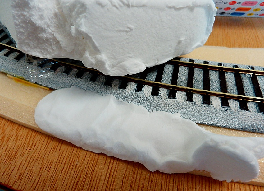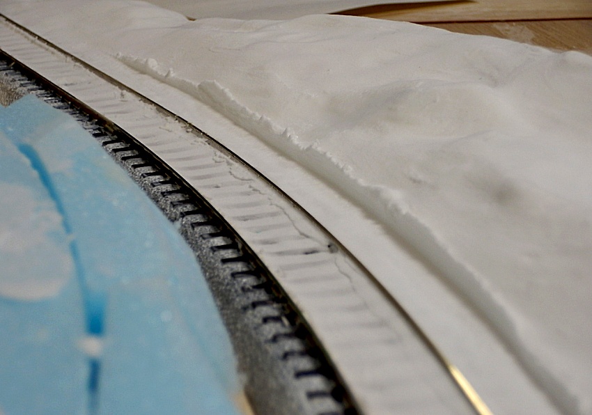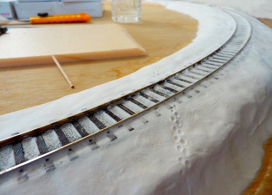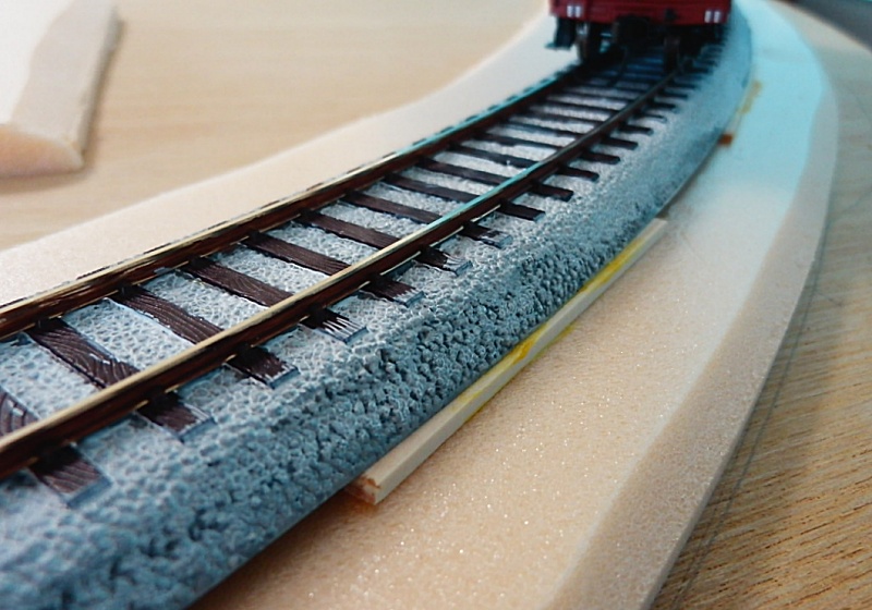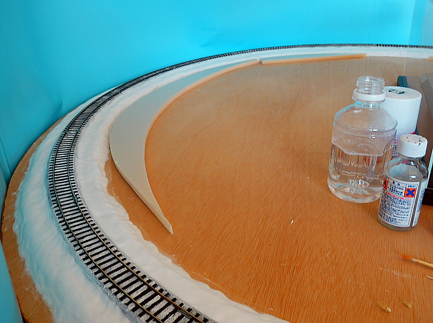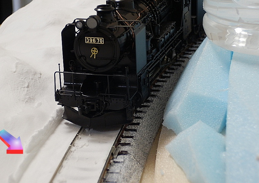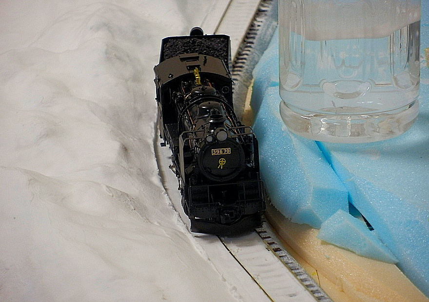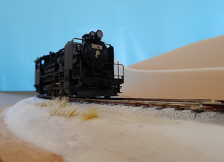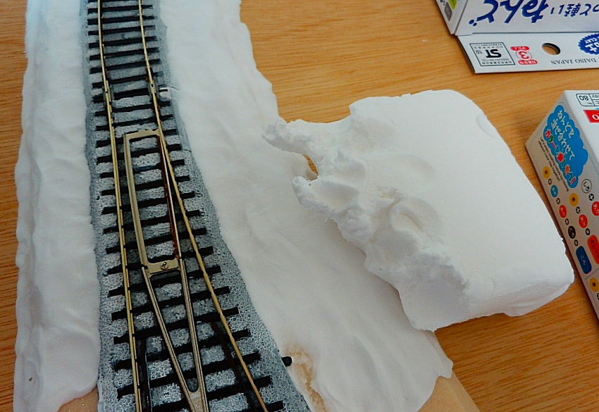 実物は狭軌では105ミリが上限とのことです。 ・・っということは模型では1.31ミリ。 道床に1.5ミリ角材を挟むと丁度良い角度になりそうです。 背面側にR670を1本挟んで緩和曲線を設け、角度を上げていきました。 次に曲線の犬走りを白紙ねんどかためていきます。 この紙ねんどは軽くて耐久性があり、接着性もあるのでとても重宝します。 クリームチーズみたいです。 半乾きくらいになったら、水で表面を整え、フワァッとした感じにします。 道床との境目はテクスチャーペイントを使いました。 ようじの先をちょいと潰して、足跡を・・ 手前はかんじき跡みたいです。 ミニネイチャー(草の茂み・黄金色6mm)を植えて・・ 軽くホワイトスプレーを吹きかけてみました。 機関車を配置して、記念撮影です。 20%程度程埋めてみました。 背面側にいくに従い、枕木も雪で埋もれた表現にしていく予定です。 雪中で撮影したアルバムをじっくり観てみないと・・。
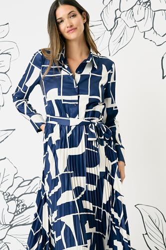 • Versatile long sleeve dress featuring pleated midi skirt, abstract geometric print, collared neckline, button-front closure, and self-tie belt. Perfect as a cocktail dress, wedding guest dress, or business casual dress.
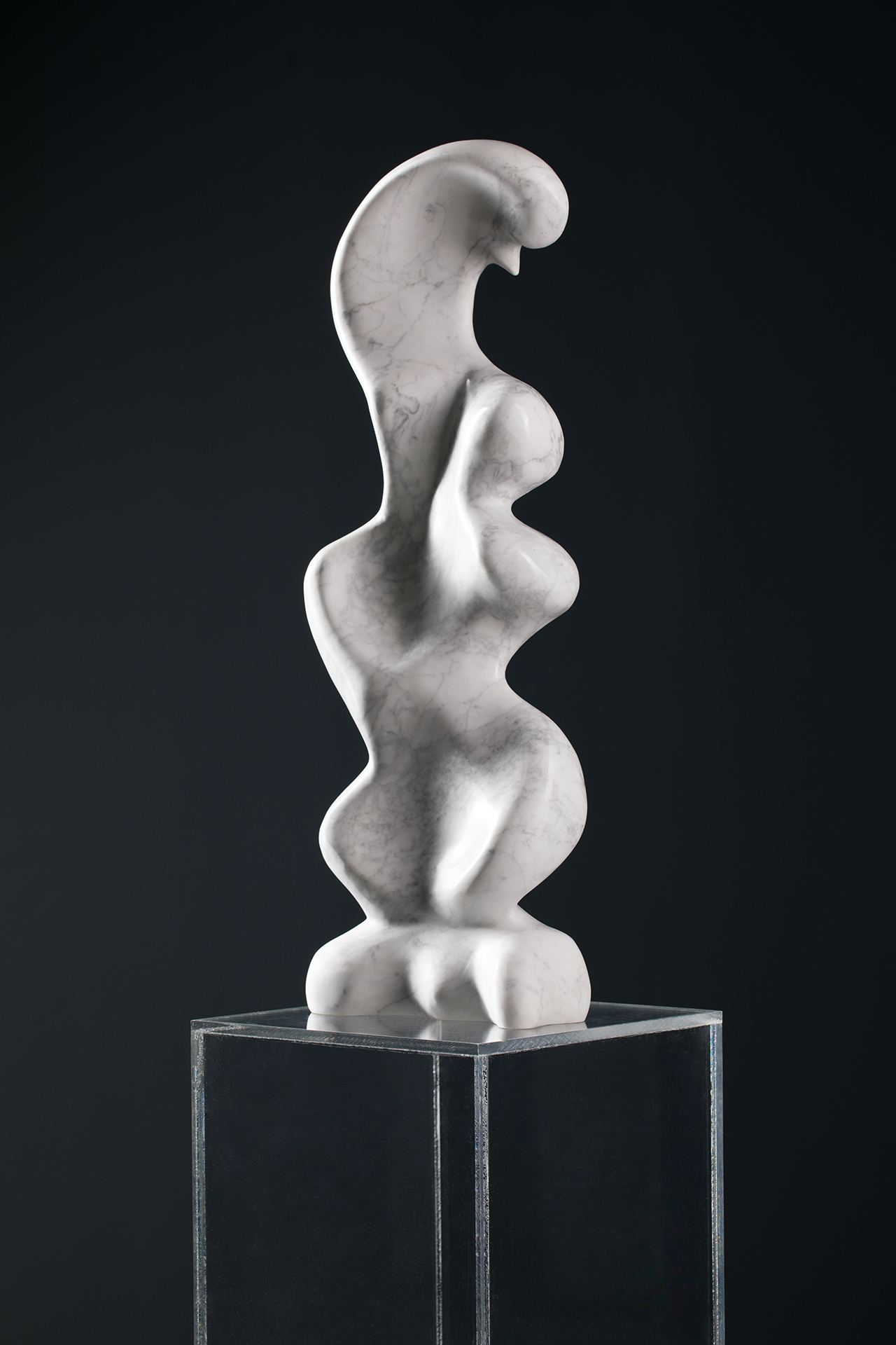 Artysta należy do grona najciekawszych rzeźbiarzy młodej generacji w Polsce. Cechą wspólną jego projektów jest nieustanny dialog z tworzywem, który w toku pracy z daną materią, owocuje formą niezwykle naturalną, niemal nienoszącą znamion pracy ręki ludzkiej. Organiczne kształty obecne w pracach Musiałowskiego ilustrują jego przywiązanie do natury i jej immanentnych cech. Obłości w jego rzeźbach sprawiają wrażenie form już obecnych i dobrze zakorzenionych w naszej haptycznej wyobraźni i podświadomości. Prezentowana praca Otoczenie dotyku z serii Kształt czułości to łagodna, abstrakcyjna forma, w której każdy widz może odnaleźć swoje skojarzenie. Artysta, mieszkający w pobliżu lasu w podwarszawskiej wsi, przygląda się często młodym zwierzętom, których dopiero kształtujące się ciała stanowią inspirację dla form rzeźbiarskich. Gładkie opracowanie szlachetnego włoskiego marmuru daje poczucie harmonii i spokoju, a górna partia rzeźby – niby szyja zakończona małą główką – powoduje u widza mimowolny uśmiech.
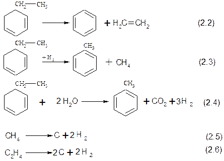 Одновременно идут реакции дегидроконденсации с получением полициклических соединений – двухзамещенных стильбенов, фенантренов, нафталинов. Углерод, образующийся при разделении углеводородов, удаляется с катализатора водяным паром:

■ Exercise objective ■
Would you return all of the data above word for word, omitting every picture?

■ Task response ■
 実物は狭軌では105ミリが上限とのことです。 ・・っということは模型では1.31ミリ。 道床に1.5ミリ角材を挟むと丁度良い角度になりそうです。 背面側にR670を1本挟んで緩和曲線を設け、角度を上げていきました。 次に曲線の犬走りを白紙ねんどかためていきます。 この紙ねんどは軽くて耐久性があり、接着性もあるのでとても重宝します。 クリームチーズみたいです。 半乾きくらいになったら、水で表面を整え、フワァッとした感じにします。 道床との境目はテクスチャーペイントを使いました。 ようじの先をちょいと潰して、足跡を・・ 手前はかんじき跡みたいです。 ミニネイチャー(草の茂み・黄金色6mm)を植えて・・ 軽くホワイトスプレーを吹きかけてみました。 機関車を配置して、記念撮影です。 20%程度程埋めてみました。 背面側にいくに従い、枕木も雪で埋もれた表現にしていく予定です。 雪中で撮影したアルバムをじっくり観てみないと・・。
 • Versatile long sleeve dress featuring pleated midi skirt, abstract geometric print, collared neckline, button-front closure, and self-tie belt. Perfect as a cocktail dress, wedding guest dress, or business casual dress.
 Artysta należy do grona najciekawszych rzeźbiarzy młodej generacji w Polsce. Cechą wspólną jego projektów jest nieustanny dialog z tworzywem, który w toku pracy z daną materią, owocuje formą niezwykle naturalną, niemal nienoszącą znamion pracy ręki ludzkiej. Organiczne kształty obecne w pracach Musiałowskiego ilustrują jego przywiązanie do natury i jej immanentnych cech. Obłości w jego rzeźbach sprawiają wrażenie form już obecnych i dobrze zakorzenionych w naszej haptycznej wyobraźni i podświadomości. Prezentowana praca Otoczenie dotyku z serii Kształt czułości to łagodna, abstrakcyjna forma, w której każdy widz może odnaleźć swoje skojarzenie. Artysta, mieszkający w pobliżu lasu w podwarszawskiej wsi, przygląda się często młodym zwierzętom, których dopiero kształtujące się ciała stanowią inspirację dla form rzeźbiarskich. Gładkie opracowanie szlachetnego włoskiego marmuru daje poczucie harmonii i spokoju, a górna partia rzeźby – niby szyja zakończona małą główką – powoduje u widza mimowolny uśmiech.
 Одновременно идут реакции дегидроконденсации с получением полициклических соединений – двухзамещенных стильбенов, фенантренов, нафталинов. Углерод, образующийся при разделении углеводородов, удаляется с катализатора водяным паром:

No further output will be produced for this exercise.